INSTRUCTIONS FOR THE TASK: Everything in the data must be repeated exactly, apart from the pictures, which are left out.

DATA SECTION:
---

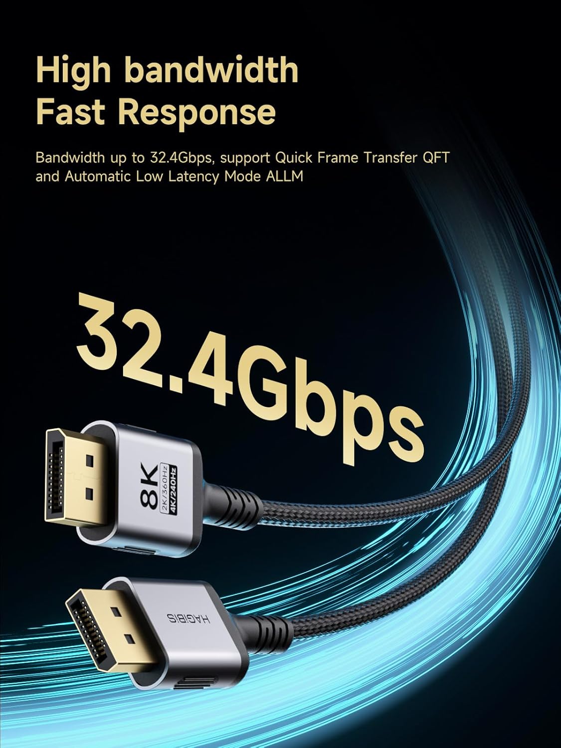 Enhanced Gaming Experience: Hagibis DisplayPort 1.4 cable provides 32.4 Gbps of bandwidth, supports high refresh rates, high resolutions, DSC and Dynamic HDR; Maximize the performance of your graphics card and monitor with no motion blur, screen tearing, or flickering
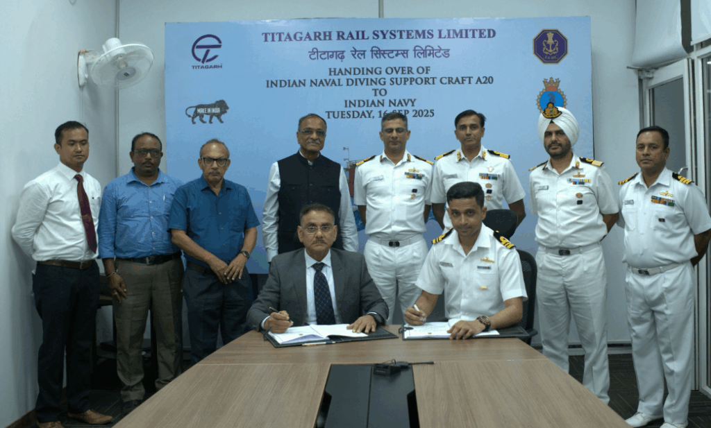 DSC A20, the first indigenously designed and constructed diving support craft, was delivered by Titagarh Rail Systems Limited (TRSL) to the Indian Navy on September 16, 2025, at Kolkata.
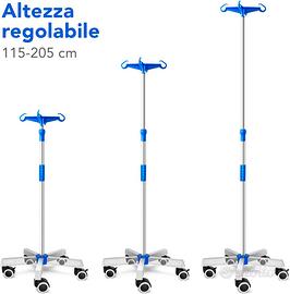 Asta per flebo ACCIAIO INOX 4 ganci e portaflebo
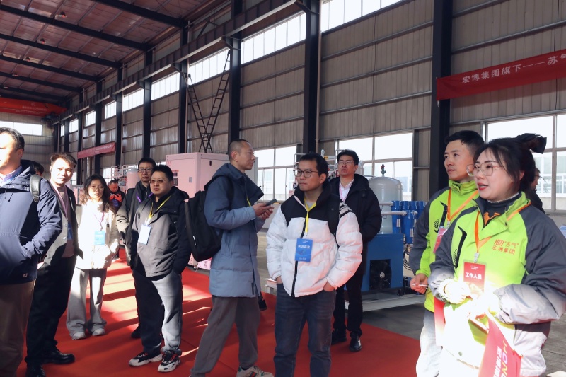 1月22日上午,與會嘉賓先后走訪江蘇宏博集團旗下宏博、臺氧、臺氫及蘇氣工廠車間、企業(yè)發(fā)展脈絡的 “時光長廊”,各方對公司在智能制造體系建設、裝備水平提升及質(zhì)量管控優(yōu)化等方面取得的成果給予高度關(guān)注。

---

YOUR RESPONSE:
 Enhanced Gaming Experience: Hagibis DisplayPort 1.4 cable provides 32.4 Gbps of bandwidth, supports high refresh rates, high resolutions, DSC and Dynamic HDR; Maximize the performance of your graphics card and monitor with no motion blur, screen tearing, or flickering
 DSC A20, the first indigenously designed and constructed diving support craft, was delivered by Titagarh Rail Systems Limited (TRSL) to the Indian Navy on September 16, 2025, at Kolkata.
 Asta per flebo ACCIAIO INOX 4 ganci e portaflebo
 1月22日上午,與會嘉賓先后走訪江蘇宏博集團旗下宏博、臺氧、臺氫及蘇氣工廠車間、企業(yè)發(fā)展脈絡的 “時光長廊”,各方對公司在智能制造體系建設、裝備水平提升及質(zhì)量管控優(yōu)化等方面取得的成果給予高度關(guān)注。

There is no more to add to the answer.